The flag of Costa Rica is attractive both in its graphic simplicity and in its wealth of symbolic meaning. Adopted in 1848, the flag has three colors, which allude to those of the French flag, a symbolic recognition of the ideals of the French Revolution.

A Costa Rican government decree of 1848 provides the first official description of the flag—a “tricolor” made up of five horizontal bands. The central red band is flanked by two white bands, which, in turn, are flanked by two blue ones. Each band takes up one sixth of the flag’s width, except for the red band, which is two-sixths of the width.

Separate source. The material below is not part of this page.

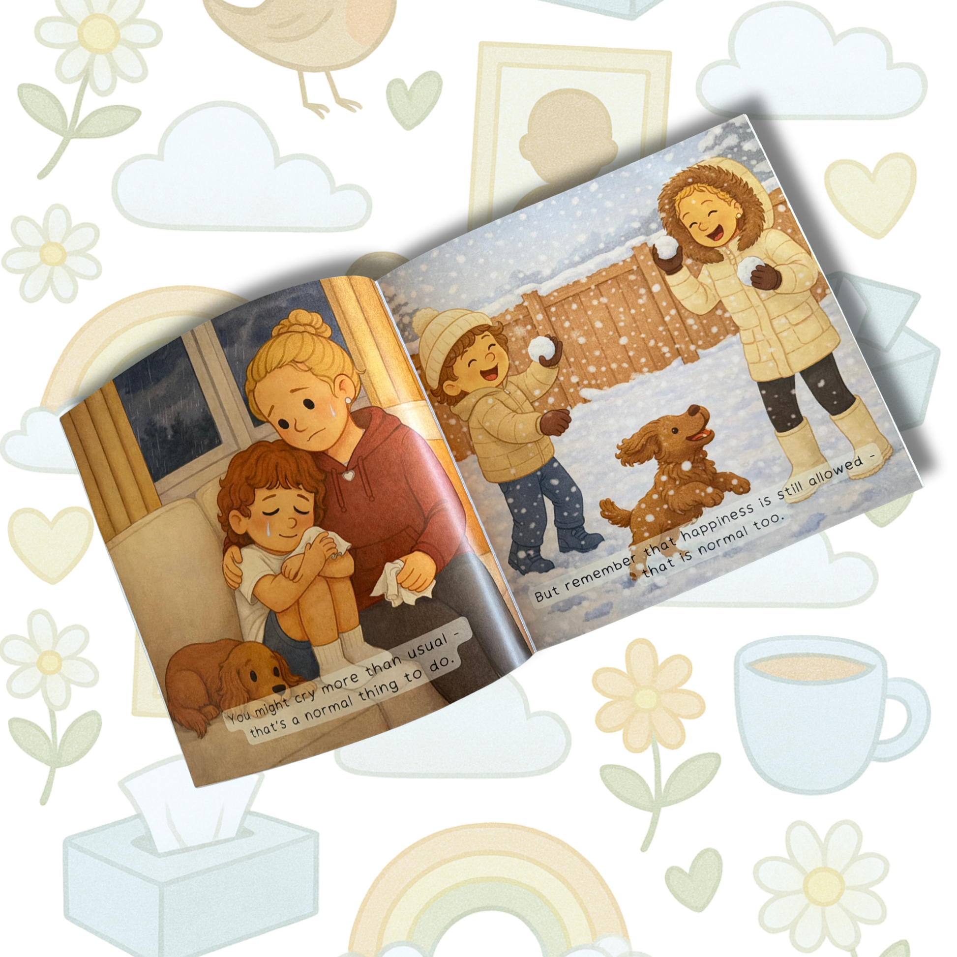 Through simple explanations and validating messages, the book gently reassures children that all feelings are normal — sadness, anger, confusion, and even moments of happiness. It encourages remembering loved ones, finding comfort in everyday moments, and understanding that love never disappears.

Each of the flag’s colors has its own meaning. The blue stripes represent the blue of the sky and, by extension, purity and tranquility. The white stripes represent peace, an ideal of particular importance to a country with no army. The red represents the blood shed by those who fought for Costa Rica’s independence, although it has also come to symbolize the blood pulsing through the veins of the people and the reddened faces of Costa Rica’s hard-working laborers.

The unadorned red-white-and-blue flag serves for unofficial purposes. For official state and maritime purposes, Costa Rica flies the Pabellón Nacional. This flag has the same five horizontal stripes but also includes the country’s coat of arms, or escudo. The escudo floats on a white elliptical background, whose dimensions are also specified in the 1848 governmental decree. The white ellipse sits on the flag’s broad red band.

Costa Rica’s flag, whether in its official or its unofficial purpose, is a great source of national pride for its people.